Casey’s General Stores are a fixture at many intersections throughout the heartland, a consumer oasis that offers the usual c-store provisions of gasoline, Twinkies, bags of ice, energy drinks and cigarettes – but also catapults past competitors by preparing and serving A-game pizza right on the premises. The company has grown to become the fourth-largest convenience-store retailer and, actually, the fifth-largest pizza chain in the United States.
Now, the Ankeny, Iowa-based operator with about 2,240 stores in 16 states has pushed past Covid and entered an expansion mode that already has included two major acquisitions. Casey’s is focused on organically adding another roughly 200 stores over the next three years, filling in its existing footprint in small cities, suburbs and rural towns, and entering a few adjacent states in flyover country.
Organic growth includes acquiring mom-and-pop gas-station locations as well as building Casey’s on fresh real estate. The company also is constructing a $62-million, state-of-the-art warehouse, logistics and distribution center in Joplin, Missouri – Casey’s third such facility – to supply 400 to 600 of the stores it’s adding.
In doing all of this, Casey’s is doubling down on its original mission of providing necessities to shoppers in the markets it serves, with a point of view from which many companies could learn: Keep finding new ways to serve your communities, and you’ll grow.
“We’ve proven that we’re a necessity in smaller communities, and we don’t take that lightly,” Ena Williams, Casey’s chief operating officer, told Chief Executive. “Certain communities are under-served, and we fill that gap very well with pizza and our other fresh-food offerings: sandwiches, salads, doughnuts, pastries. And we offer other groceries as well, and fuel. There’s still a big need out there for our presence.”

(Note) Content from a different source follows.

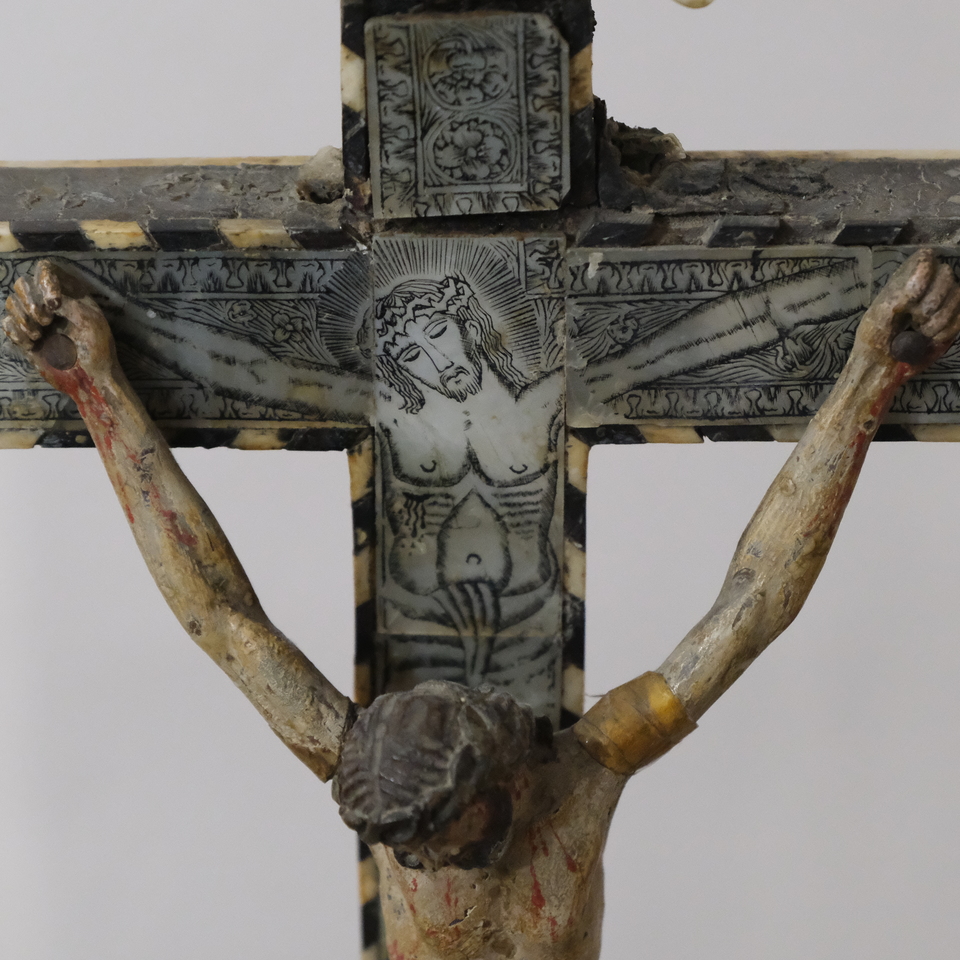 - La devozione e il culto: in questa prima sezione si è voluto presentare diverse tipologie di arredi utilizzati in passato in occasione di precise funzioni o festività. I due grandi troni processionali evocano la profonda devozione mariana da sempre molto sentita all’interno della parrocchia di Grana. Furono commissionati dalla due compagnie intitolate al culto mariano (la compagnia del Rosario e la compagnia dell’Addolorata) che si occuparono sia della cura delle cappelle sia del pagamento degli arredi mobili utilizzati per il trasporto della Statua della Vergine in occasione delle processioni. Simile nella forma, ma assai differente nella funzione è invece il tronetto eucaristico del quale ci si serviva per l’adorazione. Sempre legato alle processioni era, invece, il crocifisso appartenuto alla confraternita dell’Annunciata, mentre due oggetti oggi non più utilizzati, quali la settìa e il crotalo, caratterizzavano le funzioni della Settimana Santa.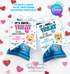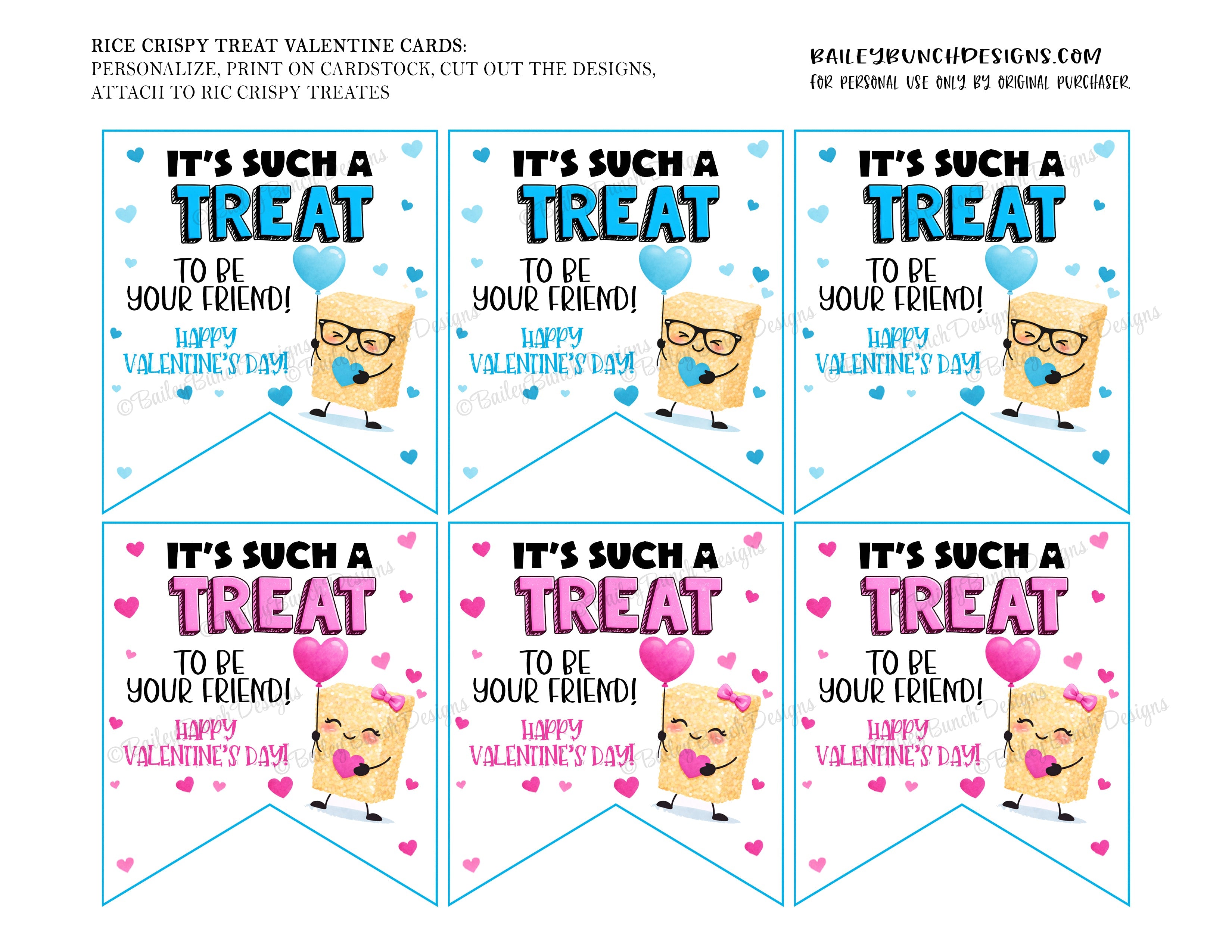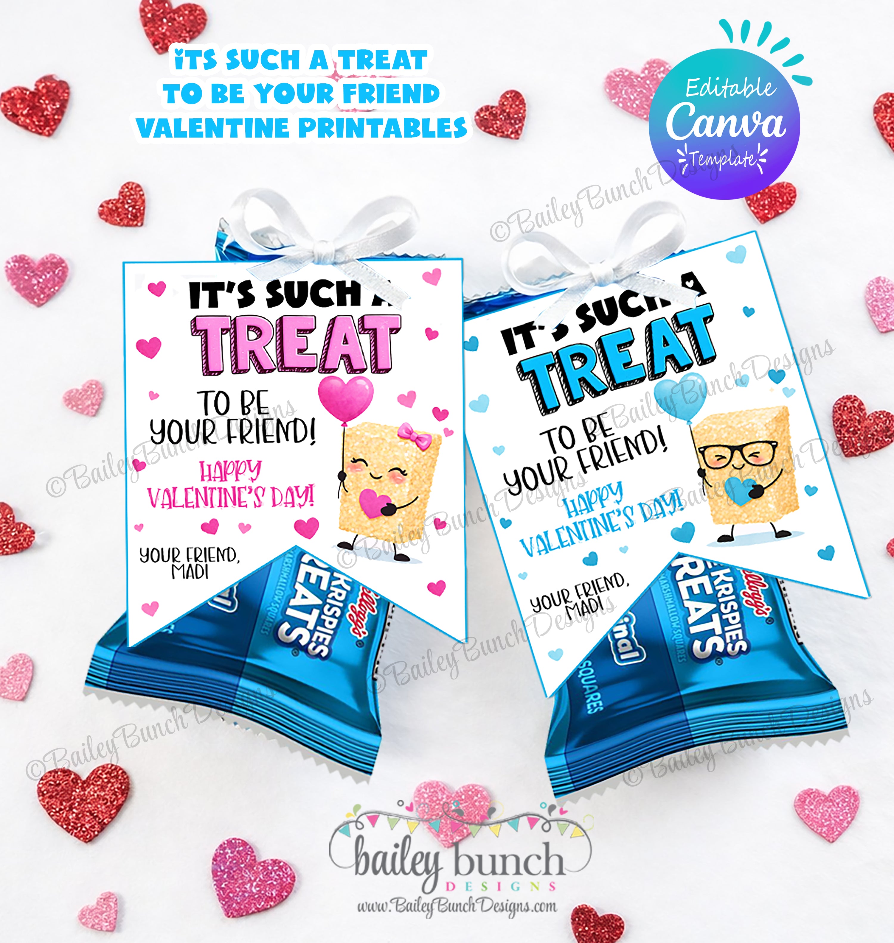To assemble, personalize by adding your name in Canva, print on cardstock and cut out the designs. Attach tag to rice crispy treats for a unique and creative DIY Valentine in minutes!

Williams joined Casey’s last year in a newly created position after a decade of experience at 7-Eleven, headquartered in Dallas, where she was senior vice president and head of international. Before that, she spent more than 15 years in retail operations with ExxonMobil and was CEO of medical-equipment provider National HME.
Her arrival at Casey’s—along with that of a new chief financial officer, Steve Bramlage—helped CEO Darren Rebelez, who joined Casey’s in 2019, plot and initiate a new growth strategy. Casey’s acquired Buchanan Energy, owner of the Bucky’s Convenience Store chain, last year for $580 million and, earlier this year, 49 Circle K stores from Canadian parent, Alimentation Couche-Tard, for $39 million. Casey’s is trying for greater concentrations in its central-U.S. footprint where, in its home market of Des Moines, the chain has about 200 stores.
“The acquisitions allowed us to make a big dent in our commitment to add new stores right out of the gate, helping us to fill out some of the geography,” Williams said. In Oklahoma City, for example, Circle K’s long have proliferated. “We could do it in a big swoop rather than taking years with a new-to-industry approach.”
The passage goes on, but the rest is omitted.